Рисовал Виктор обстоятельно, много времени на эскизы тратил и за большим заработком не гнался, чем не раз и не два, а много раз сердил Варвару.

Вот она терпела год и другой, да и заставила его бросить живописное мастерство. Сначала Виктор ни в какую. Но капля камень точит, а настырная жена до чего и не хочешь доведет. Вот и Варвара – не мытьем, так катаньем – заставила Виктора подыскать работу поприбыльней и перейти в бухгалтерию. Виктор способный ко всему – и к цифири тоже, в уме считал как бог, хоть на сцене вроде фокусника выступай, – приезжал к нам в клуб такой. Горько Виктору любимое дело бросать, а Варвара ребятишками козыряет: мол, в школу идти, форму нужно, а Инессе усиленное питание требуется. Ну он повздыхал, да и уступил, благо главный бухгалтер сжалился – все Варвариными заботами – и бесплатно стал объяснять разный дебет-кредит. Иной раз даже вечерами оставался: бороденкой трясет, как поселковый кладбищенский поп, в разные толстые книги пальцем тычет и довольно понятно растолковывает.

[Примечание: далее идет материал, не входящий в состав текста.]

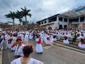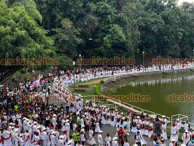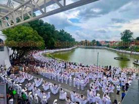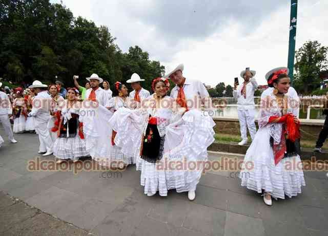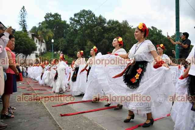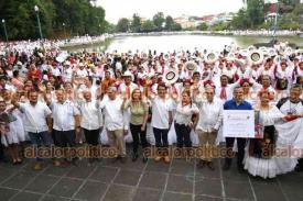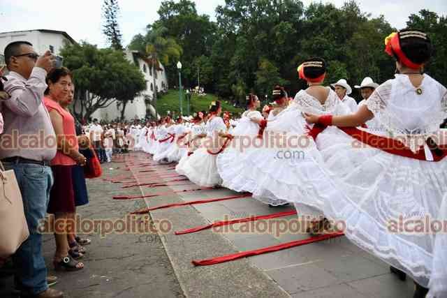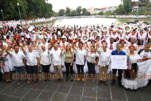 Xalapa, Ver., 28 de mayo de 2023.- ¡Ay, arriba y arriba! 2 mil 41 bailarines, en sus trajes típicos de Veracruz, atiborraron el Paseo de Los Lagos para bailar, llenos de alegría jarocha, "La Bamba".
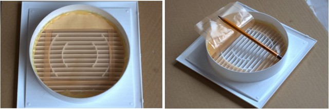 Comment fabriquer soi-même un clapet anti-retour pour la ventilation: instruction sur la construction d'un produit fait maison Le contour du treillis est tracé avec un crayon, un rectangle est découpé dans le couvercle le long des lignes marquées.
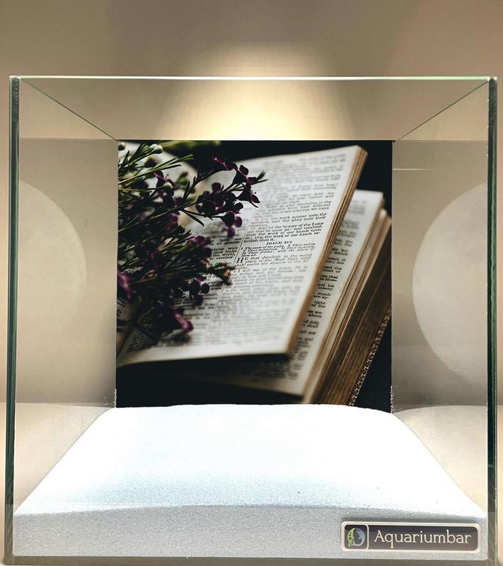 В тишине библиотеки времени, где пыль оседает не на вещах, а на забытых мыслях, стоит прозрачный куб. Он как аквариум для воспоминаний. Внутри -- не рыбы, не кораллы, а нечто гораздо более живое -- открытая старая книга. Ее пожелтевшие страницы хранят не только слова, но и дыхание тех, кто когда-то жадно поглощал ее строки при свете лампы. Буквы молчат, но они ждут -- читателя, который вдохнет в них новую жизнь. Рядом с текстом лежит веточка мелких фиолетовых цветов. Возможно, их оставил кто-то влюбленный, читая вслух отрывки о вечном. А может -- это память о том, кто так и не успел дочитать. Вся эта сцена -- в идеальной стеклянной коробке, под подписью «Aquariumbаr». Это не просто экспозиция -- это окно в чью-то душу, музей памяти, напоминающий: слова -- это свет, а каждая книга -- как океан, глубины которого открываются только тем, кто не боится нырять.
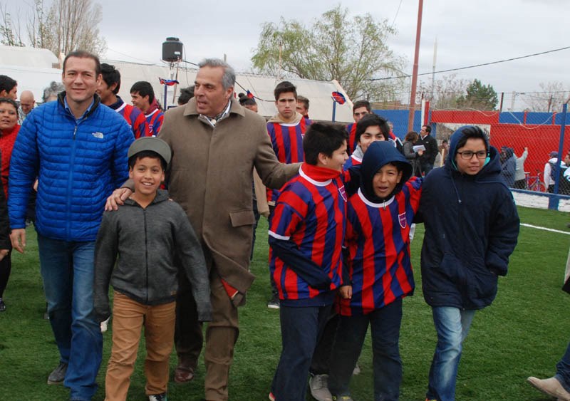 El gobernador Jorge Sapag y el mandatario electo y Economía y Obras Públicas, Omar Gutiérrez, inauguraron la nueva cancha de césped sintético del Club Social y Deportivo San Lorenzo, de la ciudad de Neuquén. “El deporte es educación; y es fundamental para el desarrollo, contención y aprendizaje de nuestros niños”, dijo Sapag
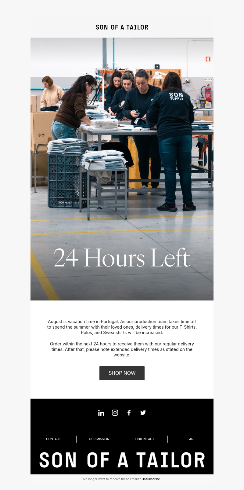 Onze productie in Portugal gaat met vakantie. Bestel binnen de komende 24 uur om je T-Shirts, Polo's en Sweatshirts met de reguliere levertijd te ontvangen. Daarna gelden langere levertijden.
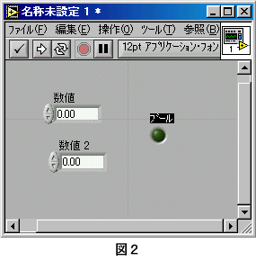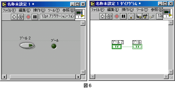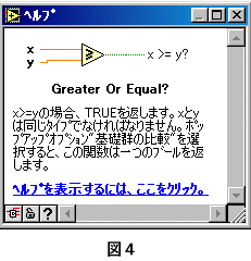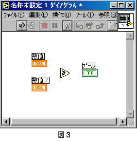 ■比較関数とブール制御器/表示器 LabVIEWには、データの比較をおこなう関数があります。(図1) 比較の結果はブール値として出力され、正しければ「TRUE」(真)、間違っていれば「FALSE」(偽)が出力されます。 では、簡単な比較のプログラムを作ってみましょう。 1.入力と出力の設定 フロントパネルにデジタル制御器を2つと円LEDを1つ設定します。(図2) ![]() 2.比較関数の設定 ダイアグラムに「Grater Or Equal?」関数(≧)を設定します。(図3) ![]() 3.関数の端子の確認 CTRL+Hを押し、ヘルプウィンドウを開きます。 ダイアグラム上の「Grater Or Equal?」関数の上にマウスポインタを置きます。 ヘルプウィンドウには、「Grater Or Equal?」関数の端子の位置が表示されます。(図4) ![]() 4.プログラム(ダイアグラム)の作成 ダイアグラム上のデジタル制御器「数値」と「Grater Or Equal?」関数の入力端子「x」を接続します。 デジタル制御「数値 2」を「Grater Or Equal?」関数の入力端子「y」に接続します。 ブール表示器「ブール」に「Grater Or Equal?」関数の出力端子「x>=y」を接続します。(図5) ![]() デジタル制御器に適当な数値を入れて実行してみてください。 正しい結果が、円LEDに表示されましたか?(比較が正しければLEDが点灯します。) 「Grater Or Equal?」関数を他の比較関数にして確認をしてみてください。 また、押しボタンを円LEDに接続して実行しみてください。(図6) 押しボタンの出力がブール値であることが確認できます。 ![]() |

Я тогда мало знал об их жизни. Знал, что Варвара закончила заочный институт и уехали они из заводского поселка в северный городок, куда она получила назначение.

Там дальнейшие события и произошли.

Из своей далекой почты на берегу озера у темного бора приезжал Виктор Николаевич в город раз в месяц, якобы с отчетом, а на самом деле детей повидать, особенно Инессу. Но не только маменькин сынок Ричард, а и папина дочка Инесса стала отвыкать от отца, – зря, что ли, говорится: с глаз долой – из сердца вон.

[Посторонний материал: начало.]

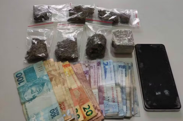 Na pochete, foram encontrados mais quatro porções da mesma droga e um pedaço de maconha in natura, além de R$ 511,00 em dinheiro.
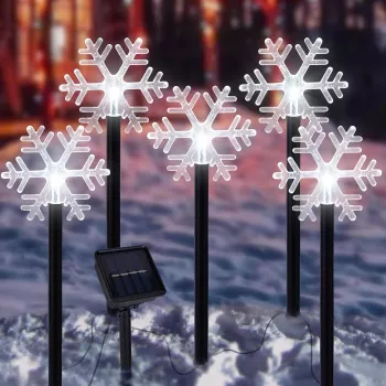 Solar Snowflake Pathway Lights, 5-Pack with 8 Modes for Outdoor Decor
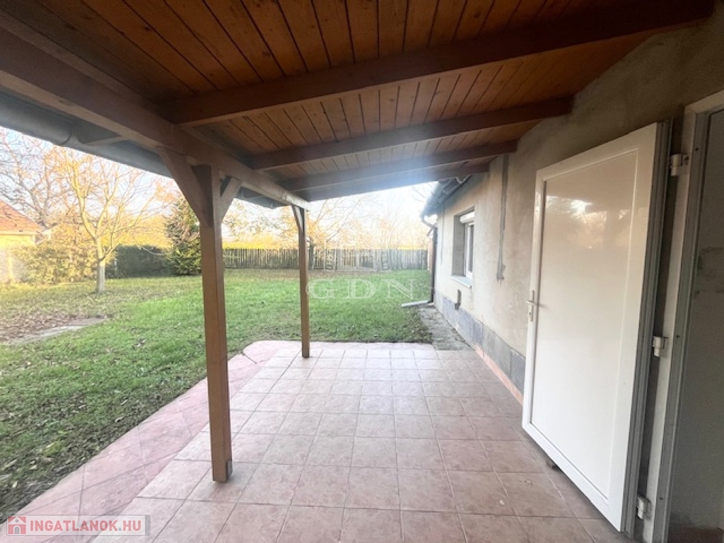 A házhoz tartozik egy 16 m2-es, fedett, járólapozott terasz, melyről csendes, nyugodt kilátás nyílik az udvarra, tökéletes helyszín a reggeli kávézásra vagy egy esti borozásra.
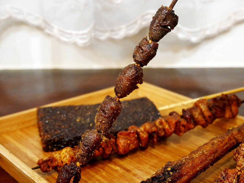 草屯大觀市場/大觀夜市內的「林家烤肉屋」,是人氣很高的周末限定串燒攤。之前分享草屯七里香的時候,好多網友大推這間叫我一定要試試。不得不說串燒先炸後烤卻不油膩,營造出的酥脆口感很令人驚喜,搭配上鹹甜醬汁讓人想一串接一串,買過一次就愛上。可惜一周只賣兩天,想吃的朋友記得一出攤就報到,才不會在疊成山的籃子前卻步。

И вот как-то заявился мой Виктор Николаевич домой, вернее в бывший свой дом, где гармониста и след простыл, а какой-то дядя фотограф обосновался: Варвара-то даром время не любила терять, по-прежнему – что загорится, вынь да положь.

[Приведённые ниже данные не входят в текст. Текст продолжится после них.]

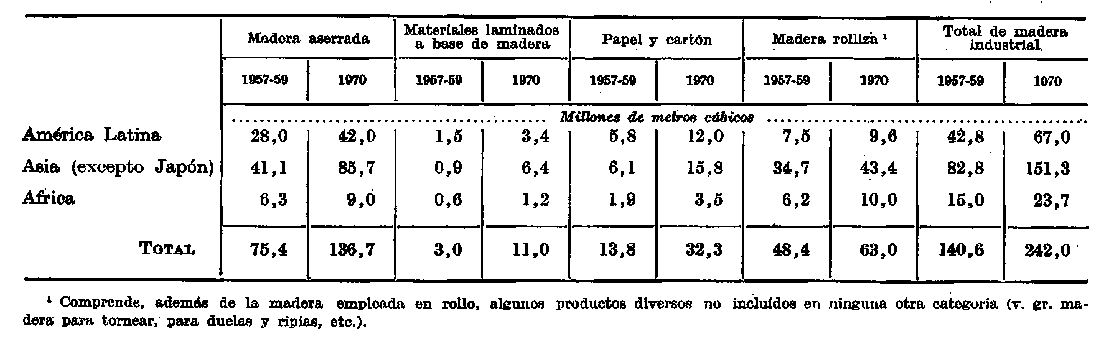 En esta sección procederemos: (a) a examinar las carácterísticas estructurales de la demanda de productos forestales, su papel en la economía mundial y la interdependencia entre la industria forestal y otros sectores; (b) a ilustrar la situación actual de la produc ción, el consumo y el comercio de productos forestales en los dos grandes bloques3 en que el mundo puede dividirse hoy: zonas desarrolladas (Europa, América del Norte, U.R.S.S., Oceanía y el Japón), y zonas menos desarrolladas (Africa, América Latina, resto de Asia); (c) a analizar las características dinámicas de la demanda de productos forestales a fin de estimar sus perspectivas en las zonas menos desarrolladas; (d) a extraer algunas conclusiones relativas a la medida en que las necesidades futuras deben satisfacerse con la producción local en las zonas subdesarrolladas.

Пришел Виктор в подпитии, чего с ним раньше никогда не замечалось. Видно, в глуши стал прикладываться к бутылке с гусиной шейкой. А ведь пьяный, что малый – рот нараспашку, язык на плече, – болтает невесть что. Сидит Виктор на скамейке с Инессой, спрашивает, как она живет, о Ричарде опять же осведомляется, а слезы у него так и капают, и он этого даже не замечает.

То ли сердце у Инессы ожесточилось, то ли материны уговоры свое взяли, только насмешливо заговорила она с отцом, своим родным батюшкой.

– Ну, – говорит, – потекла святая вода.

Отец ей:

– Верно: слеза – вода, да иная вода дороже крови.

Это ведь верно: каждому человеку своя слеза горька.

Виктор, вишь, жалобу высказал. Ей бы лаской взять, он бы сердцем-то и затих, а девчонка по-взрослому, вразрез.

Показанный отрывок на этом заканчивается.